Compliance Costs Escalate: Report

Terry Flanagan

Compliance functions continue to face diverse pressure with shifting supervisory expectations, no let-up in the volume of regulatory change and the start of many of the big implementation programs for major complex legislation.

Working in an ever-changing regulatory environment has become the norm for financial services firms. According to the Thomson Reuters Cost of Compliance survey, the expectation is that there will be a further increase in the amount of information published by regulators, though the expectation has eased slightly since last year’s results.

In 2013, 81 percent of respondents expected an increase in the amount of information published while for 2014, expectations have eased off slightly with 75 percent expecting more to be published.
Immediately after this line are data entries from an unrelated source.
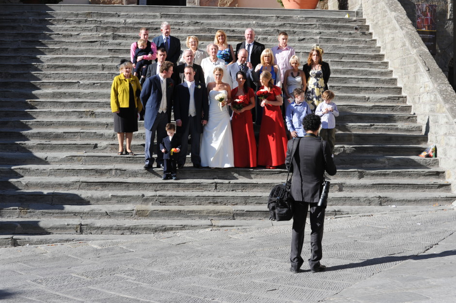 Everyone is ready except the groom. Town hall steps, Cortona, Italy. November 2009.
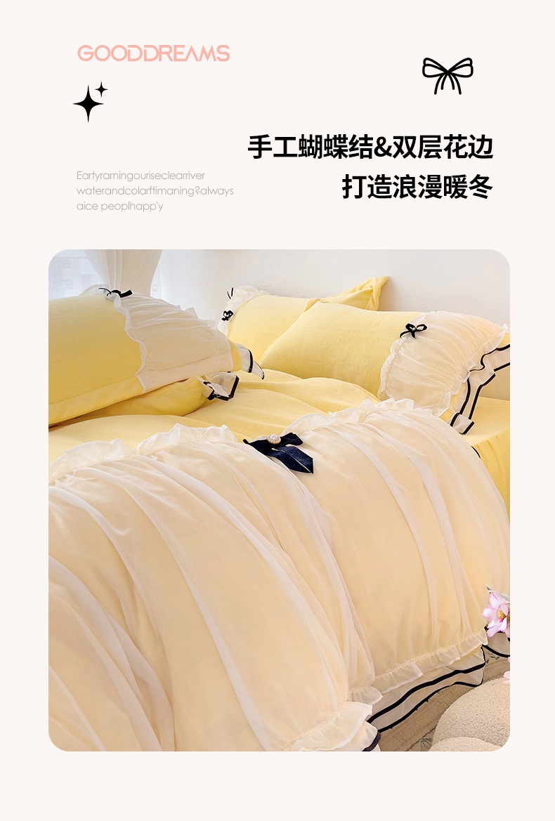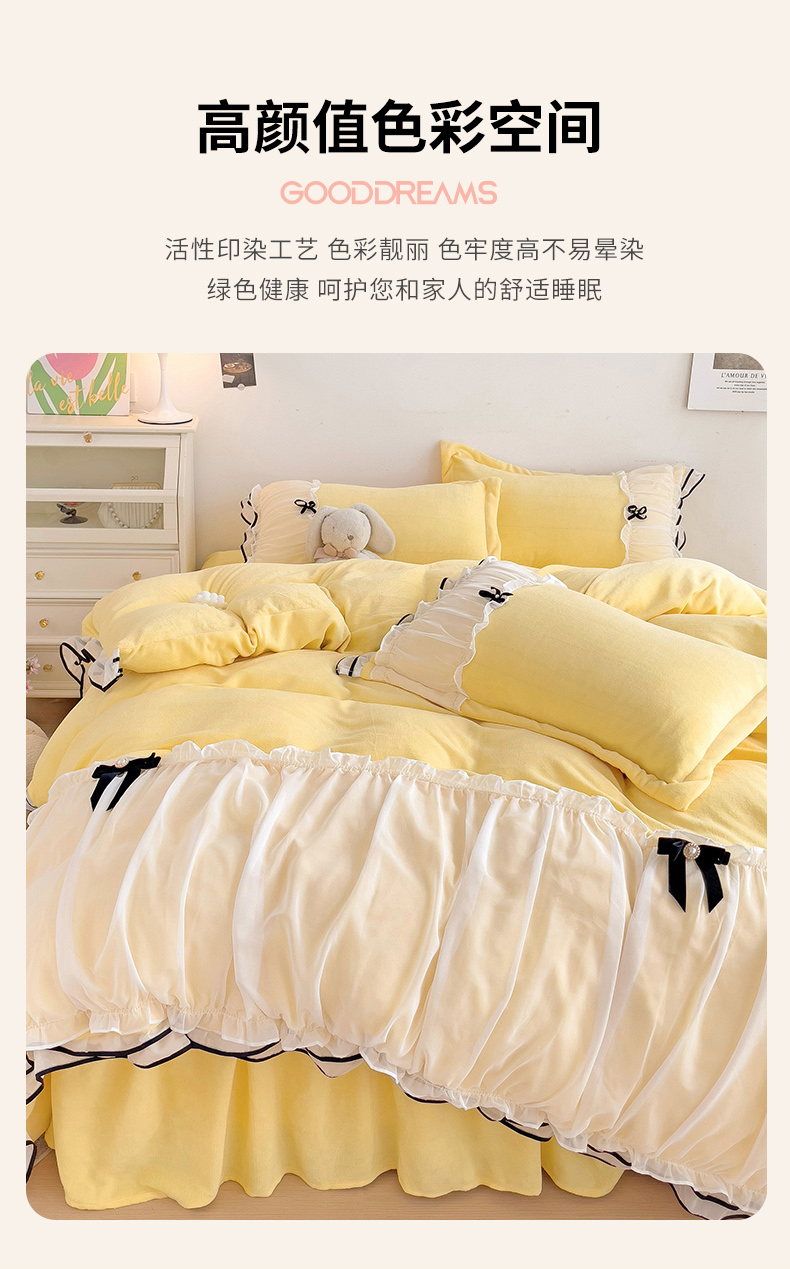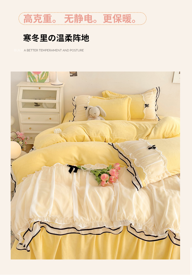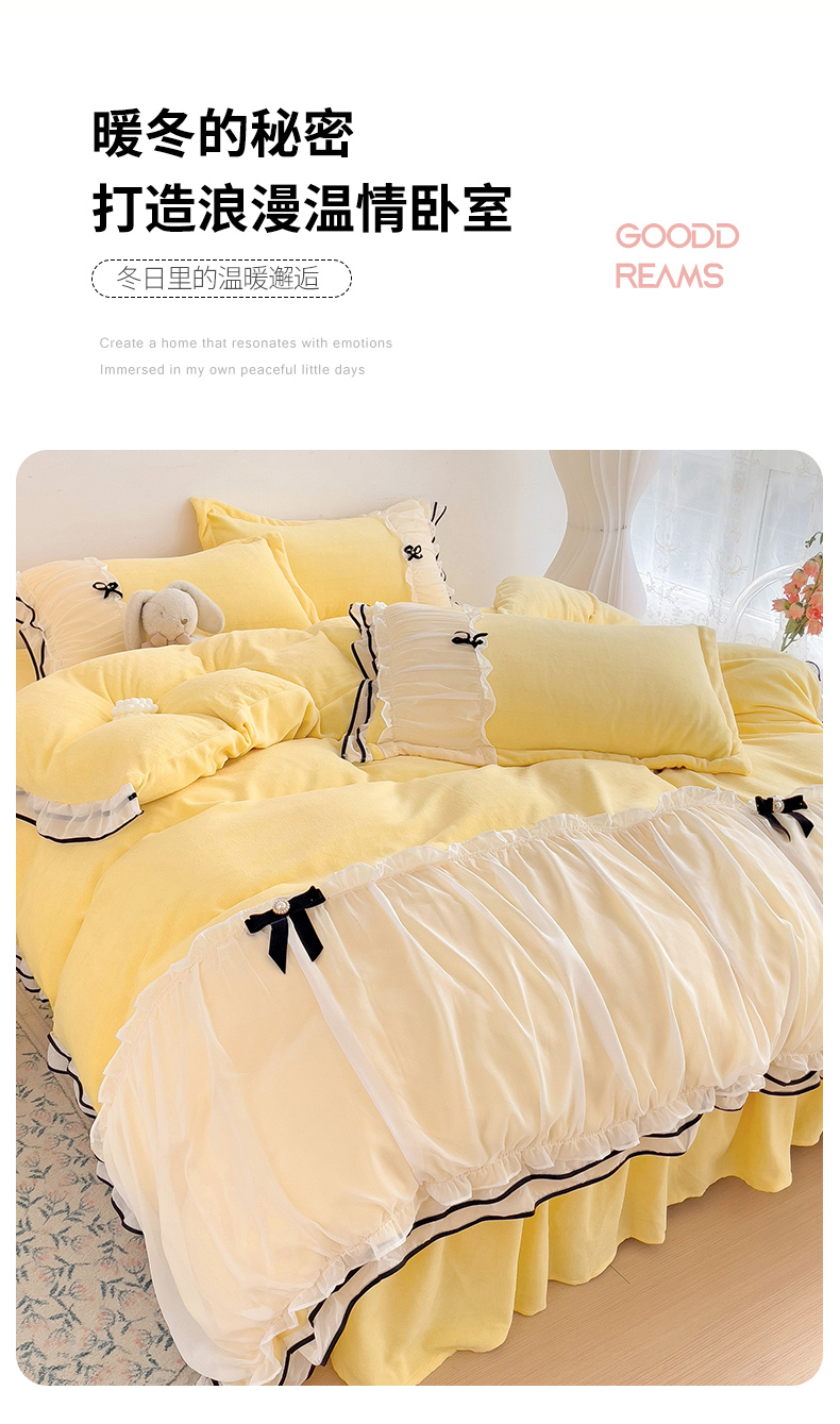 当前位置: 91家纺网 > 商品网购 > 床品套件 > 四件套 > 牛奶绒四件套 > 包小包 2024新款210g牛奶绒小香风四件套 小香风-奶油黄
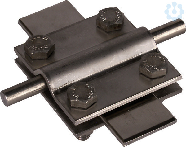 Kreuzstück nach DIN EN 62561-1, für ober- und unterirdische Verbindung von Rund- und Flachleitern. Ausführung ohne Zwischenplatte mit Schrauben M8.
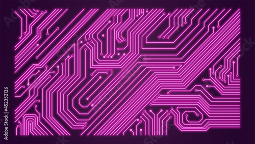 Futuristic Microchip Circuit Board with Purple and Pink Neon Technology Design Background
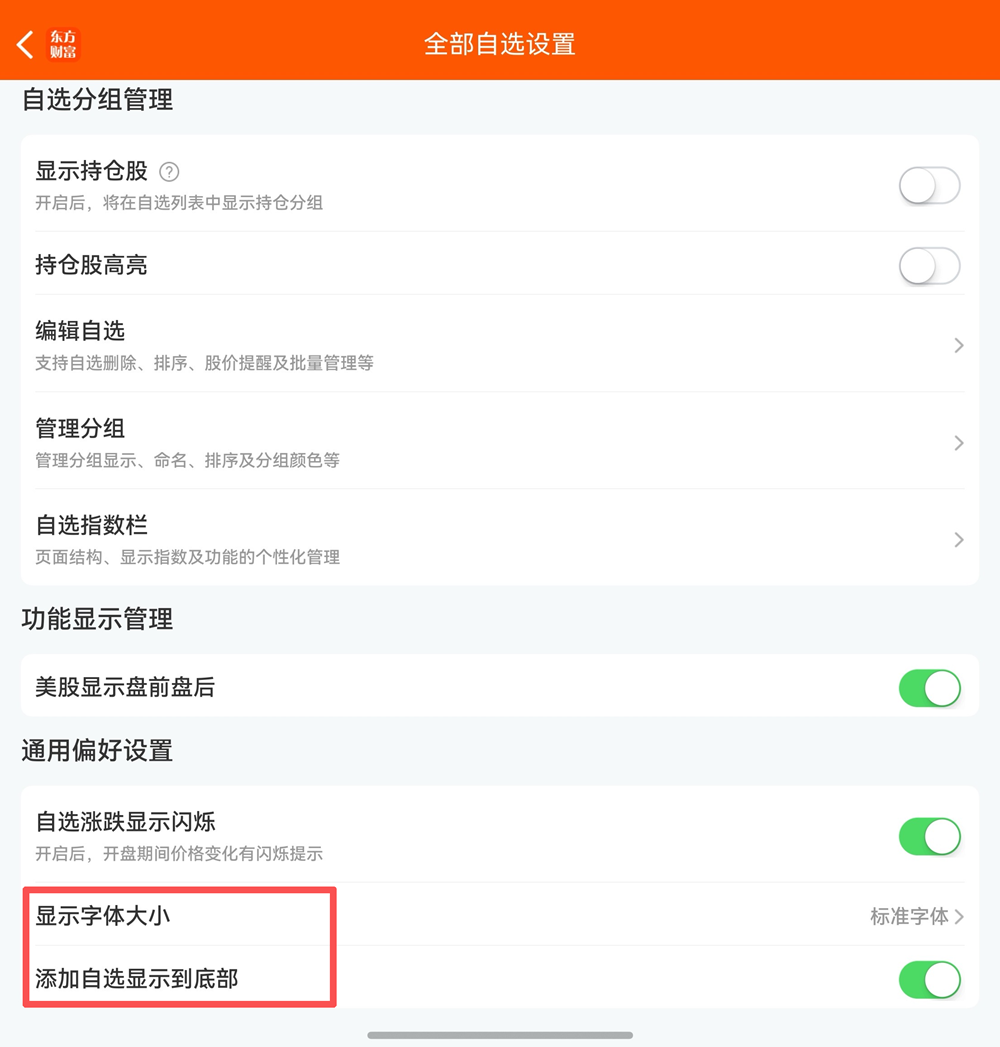 展示美股盘前盘后行情:投资者可在“自选-全部自选设置”中开启“显示盘前盘后”,轻松掌握非交易时段动向。
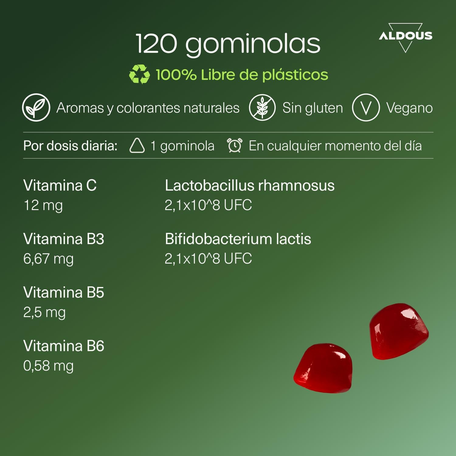 ⭐PROBIOTICS AND VITAMINS GOMINOLS – Aldous multivitamin and probiotic gummies are the multivitamin with probiotics Bifidobacterium and Lactobacillus ideal to promote the absorption of nutrients, normalize intestinal transit and maintain a good state of defenses and the immune system. B vitamins help convert food into energy, repopulate microorganisms and optimize intestinal functions and vitamin C acts as an antioxidant.
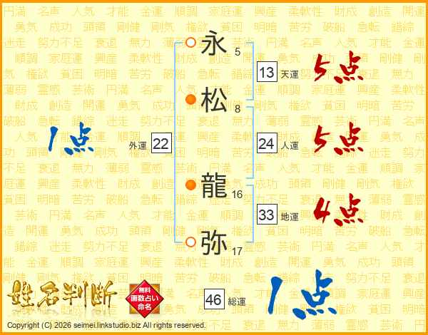 生活面を象徴する運勢です。外部から受ける影響力を表し、結婚運、家庭運や職場、環境への順応性を表します。総運から人運を引いた画数。姓や名が1文字の場合を除く。
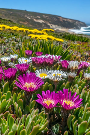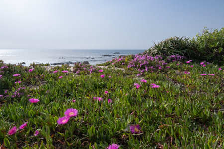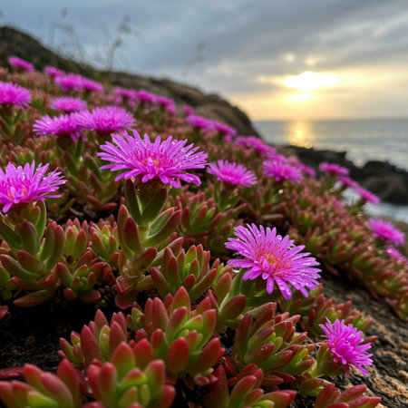 Vibrant wildflowers in pink hues, creating colorful carpets on coastal bluffs with ocean views
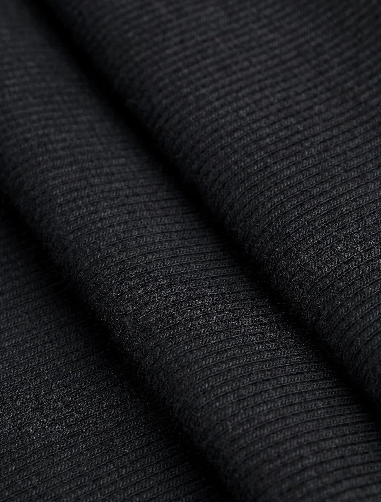 Meet your new wardrobe essential — this premium 2x1 tubular rib knit in classic black is the definition of versatility and comfort. Sourced from textile surplus from Rose Boreal, one of Canada’s leading eco-conscious sportswear brands, this rib is locally knitted with care and crafted to last.
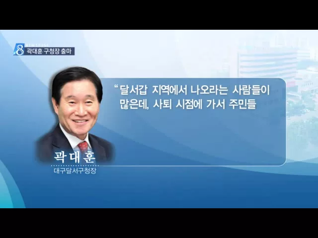 ◀ANC▶ 곽대훈 대구 달서구청장이 내년 총선에서 달서구에 출마하기로 했습니다. 바닥민심을 누구보다 잘 아는 3선 단체장의 등장으로 달서구 지역의 내년 선거판이 요동칠 전망입니다. 박재형 기자가 보도합니다. ◀END▶ ◀VCR▶ 곽대훈 대구 달서구청장이 내년 총선 출마 의사를 밝혔습니다. 곽 청장은 지역 사회 발...
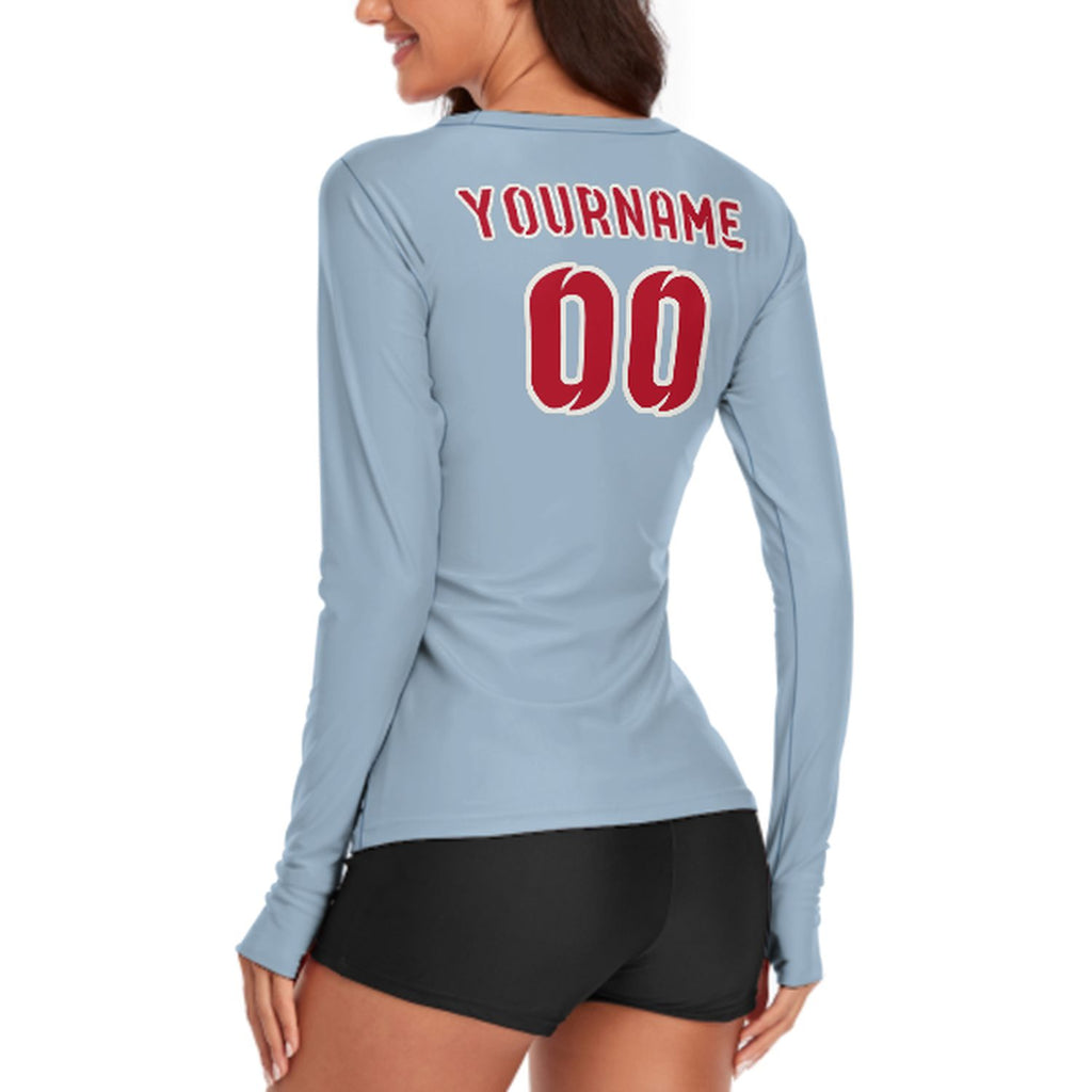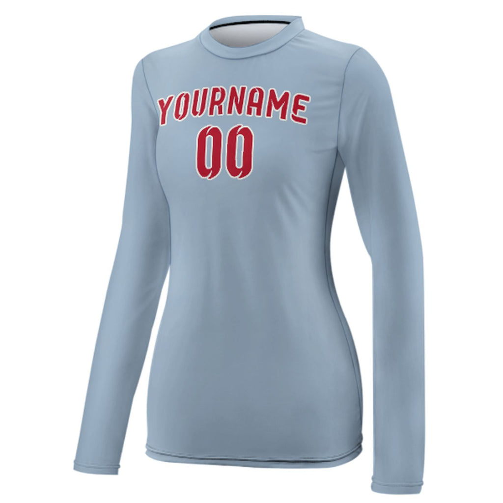 Custom Light Blue Red Women's Long-Sleeve Shirt
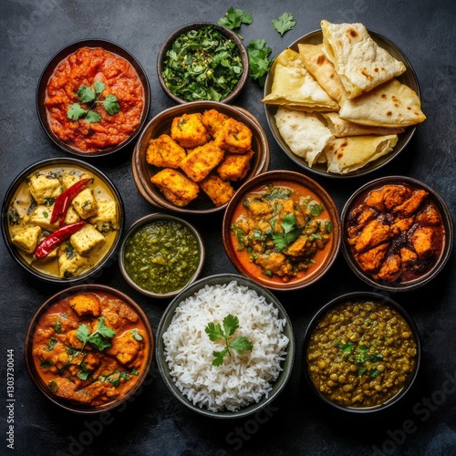 An enticing arrangement of colorful Indian curries, breads, and rice showcases a variety of flavors and textures, inviting a culinary adventure that celebrates rich spices and fresh ingredients

The results are positive in that they show expectations are not quite as high as they were in 2013, but the reality is that any regulatory material which does appear in 2014 will simply add to the vast amounts of regulatory information with which compliance officers already struggle with.

“The ability to comply with confidence and transparency is integral to building trust in the financial services sector,” said Chris Perry, managing director of risk at Thomson Reuters. “Compliance leaders are being held to increased accountability amidst an ever-increasing volume of regulation, the expectation to move and comply fast, and the exposure to record fines for non-compliance, now regularly totaling in the billions.”

One of the more onerous regulations is the Commodity Futures Trading Commission’s Rule 1.73, which requires futures commission merchants (FCMs) to pre-screen orders to trade swaps prior to execution, ensuring certainty of clearing acceptance by their clearing member at the time of execution. The rule designed to reduce systemic risk and ensures that clearing firms are in compliance with regulations in the United States and Europe.

Newedge is building a system to handle risks arising from compliance with CFTC Rule 1.73. “We at Newedge are continuously evolving our services and systems to offer our clients a premier experience from pre- to post-trade,” said Brad Giemza, senior IT director at Newedge.

LimitEdge, a workflow tool, is an addition to Newedge’s platform which manages the set up and approval process for pre-trade controls as well as calibrates the controls to the respective credit limits of our clients. In addition, Newedge has made enhancements to the existing intra-day monitoring with a proxy VaR as an additional check and balance, said Giemza.